Когда зашел за нею в назначенный день, в передней я застал уходящего Самойло. Он был чем-то расстроен, кусал губы, даже ворчал неясно; со мной едва поздоровался – потом, видимо, о чем-то хотел меня спросить и не спросил. В гостиной я застал мать и Марусю; обе молчали так, как молчат люди, только что поссорившиеся. Маруся явно обрадовалась, что можно уйти; по дороге на извозчике была неразговорчива и тоже кусала губы.

– В чем дело, Маруся, кто кого обидел?

– Имеете прекрасный случай помолчать, – сказала она злобно, – советую воспользоваться.

Я послушался.

Помню один дом, кажется Роникера, в том участке, который мы с нею должны были обойти. Там была особенность, для меня еще тогда невиданная: двухэтажный подвал. Окна обоих этажей выходили, конечно, в траншею; но и за окнами внутри был сперва коридор, во всю длину фасада, и только уже из коридора «освещались» комнаты. Не умею описывать нищету, как не сумел бы заняться обрыванием крыльев и лапок у живой мухи или вообще медленным мучительством. Помню, что неотступно зудела в мозгу одна банальная мысль: на волосок от того было, когда ты должен был родиться, чтобы вышла у Господа в счетной книге описка или передумал бы он в последнюю секунду, что-то перечеркнул и что-то строчкой ниже вписал, – и здесь бы ты жил сегодня, в нижнем подвале, завидуя мальчикам из верхнего, а они бы «задавались». Совестно было за свое пальто; за то, что перед этим просидел час в греческой кофейне Красного переулка за кофе с рахат-лукумом, растратив четвертак, бюджет их целого дня. И, как всегда бывает, когда совестно, я проходил по берлогам насупленный, говорил с обитателями суровым казенным голосом, на просьбы отвечал сухо: «Постараемся», «Увидим», «Обещать не могу».
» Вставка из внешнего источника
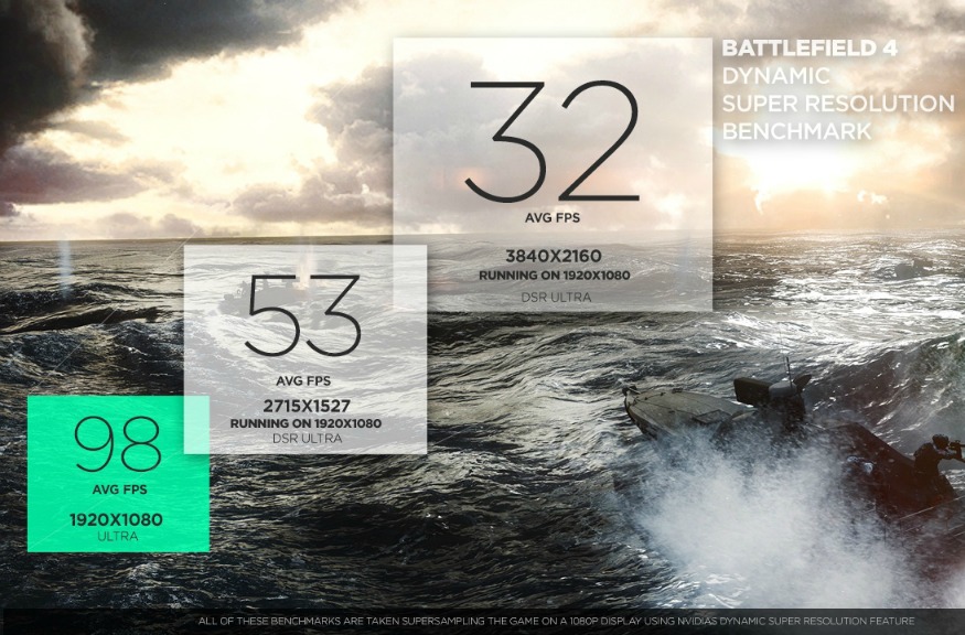 A resposta da Nvidia é o DSR (Altíssima Resolução Dinâmica), com ela os games podem ser renderizados até 4K ou outras resoluções de ponta, e então podem ser dimensionados para a resolução nativa da tela do usuário usando um filtro gaussiano de 13 toques. A imagem resultante tem qualidade muito maior do que apenas renderizar diretamente para Full HD 1080p, o recurso é ativado automaticamente pelo GeForece Experience que otimiza os jogos de acordo com a capacidade de seu hardware, então sempre que for possível o recurso será ativado.

Зато Маруся сразу – нет другого слова – повеселела. В первой же комнате она подошла к люльке, сделанной из ящика; я за нею. В люльке, под клочьями цвета старого мешка, лежал серый ребенок; от краев губ у него к ноздрям шли две морщины, глубокие, как трещины, и черные луночки под веками. Когда над ним наклонилась Маруся, серое лицо вдруг мучительно исказилось, трещины растянулись до глаз, изо рта показались багровые десны, крошечный подбородок заострился, как у мертвого. Мать стояла тут же; она обрадовалась и сказала по-еврейски, и я Марусе перевел:

– Чтоб мне было за его сладкие глазки, барышня: он смеется.

У Маруси там все дети смеялись; сбегались, ковыляли, ползли к ней сразу, точно это была старая знакомая и все утро ее ждали. Я оставил ее где-то на табуретке с целой толпою кругом, запись докончил один и все время слышал из той комнаты гвалт, возню, писк, заливающийся детский хохот, как будто это не подвал, как будто действительно есть на свете зеленые лужайки, и запах сирени, и солнце над головой...

– Не знал, – сказал я, когда мы кончили, – что вы такая бонна.

От ее прежних нервов и следа не осталось; она весело ответила:

– Дети ко мне идут; я и сама на них бросаюсь на улице, няньки часто пугаются. Мама только на днях меня просила не трогать русских детей, а то еще подумают, что я им даю леденцы с мышьяком: она прочла в газете, что был такой слух где-то пущен в Бессарабии.

Мы опять сидели в дрожках; по уставу того времени, я обнимал ее за талию. Уже смеркалось; вдруг она потянула мою обнимающую руку, чтобы стало теснее, сама ближе прижалась, повернула ко мне лицо и шепнула:

– Хотите, отдохнем от жидов? и от богатых, и от бедных? Идемте со мной сегодня вечером к Руницким; Алексей Дмитриевич просил и вас привести – он только нас двоих и не боится. А вы его?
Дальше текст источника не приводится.